Here’s a snip from the diff between the working 9i connection and the broken 10g connection:
nttfpwr:socket 7 had bytes written=47 -nttfprd:socket 7 had bytes read=164 -nscontrol:Vect I/O support: 02010-09-07 20:48:06.447554 : nscontrol:cmd=44, lcl=0x0 -nttfpwr:socket 7 had bytes written=1080 -nttfprd:socket 7 had bytes read=949 -nttfpwr:socket 7 had bytes written=213 -nttfprd:socket 7 had bytes read=22 +nttfprd:socket 7 had bytes read=181 +nscontrol:Vect I/O support: 02010-09-07 20:52:12.267498 : nscontrol:cmd=44, lcl=0x0 +nttfpwr:socket 7 had bytes written=2011 +nttfpwr:socket 7 had bytes written=666 +ntt2err:Read unexpected EOF ERROR on 7
When I looked at the packet contents for the broken connection, it was immediately evident that those TWO packets (2011 bytes and 666 bytes) were ONE message. The message was too large for one packet so it had been fragmented.
However the first big message sent to the 9i database is 1080 bytes. It gets sent in a single packet.
I asked the developer, what’s the max packet size on the Linux box? He replied that the MTU was 1456.

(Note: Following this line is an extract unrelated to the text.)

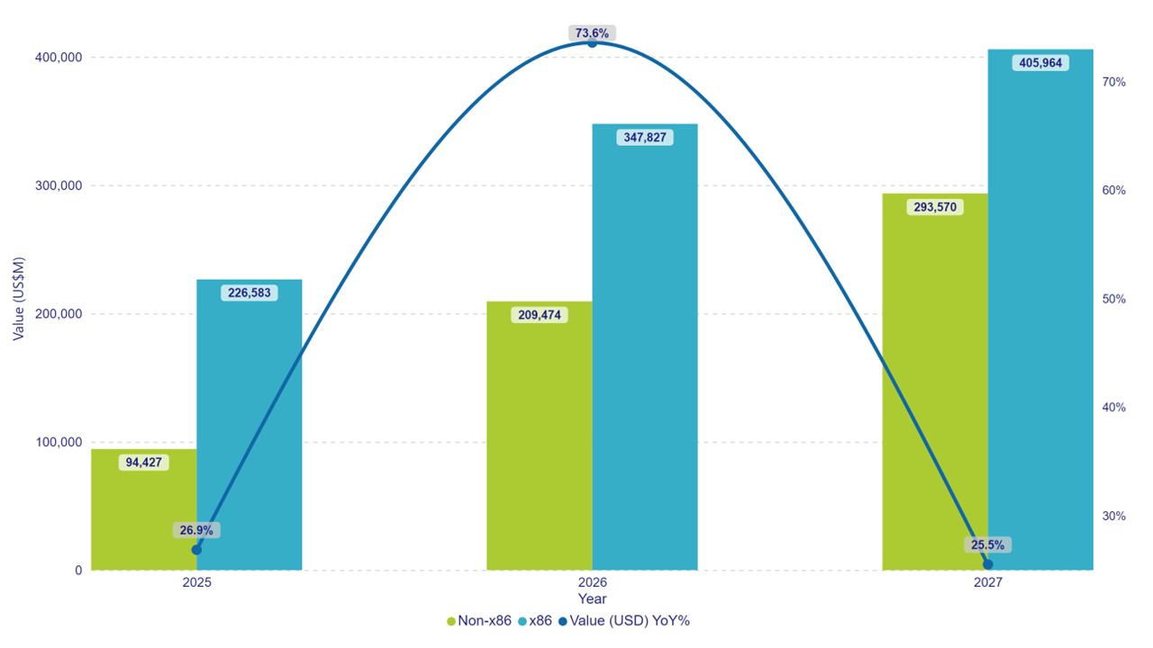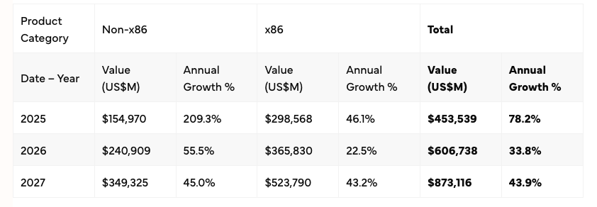 2025年第四季度,服务器市场支出增长了52.4%。销量同比增长10.3%,表现强劲。随着2024年产品更新换代浪潮的结束,非加速型服务器的增长速度有所放缓。人工智能基础设施建设仍然是主导力量,掩盖了经济放缓、供应链中断、关税和地缘政治冲突等宏观挑战。目前尚未出现消化期;一家主要买家消化订单的同时,其他买家也在加速采购。

WILD guess… I wondered, was the big packet getting dropped somewhere? (Windows client trace shows the large packet getting through without any problem, but still…)

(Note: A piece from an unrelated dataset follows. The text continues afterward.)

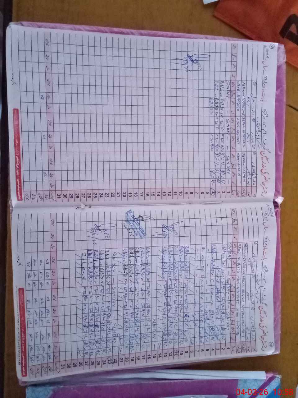 | CNIC | Full Name | Designation | R/C | Absence During Last Calender Month |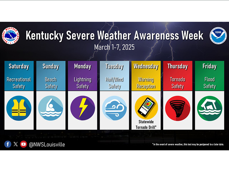 Traditionally considered the start of severe weather season in Kentucky, March 1-7 is Kentucky Severe Weather Awareness Week. In conjunction with this week, the National Weather Service (NWS) will conduct the Statewide Tornado Drill, Friday, March 7, at 10:07 a.m. ET / 9:07 a.m. CT (NOTE: The drill was rescheduled from Wed. March 5 due to the weather forecast.)

Oracle is Better than MySQL
…ok, maybe the standard MySQL client has this functionality too – I actually don’t know. I just wrote that title because it’s provocative!! But when it comes to tweaks, Oracle really does shine. It has more switches and knobs than you’d believe.
It’s very simple to reduce the max packet size in the Oracle client: just add “(SDU=####)” to the connect string. The default is 2048 – which explains the fragment sizes we observed.
Here’s what transpired next in my chat (please excuse the language):
just tried with 1024 and it worked
Seems that we identified the problem! And most importantly, we have a working connection so that this developer can get back to what’s important – coding.
Seriously, there’s an awful lot of understanding that went into determining this solution. Network and Oracle knowledge combined in a way that can only come from experience.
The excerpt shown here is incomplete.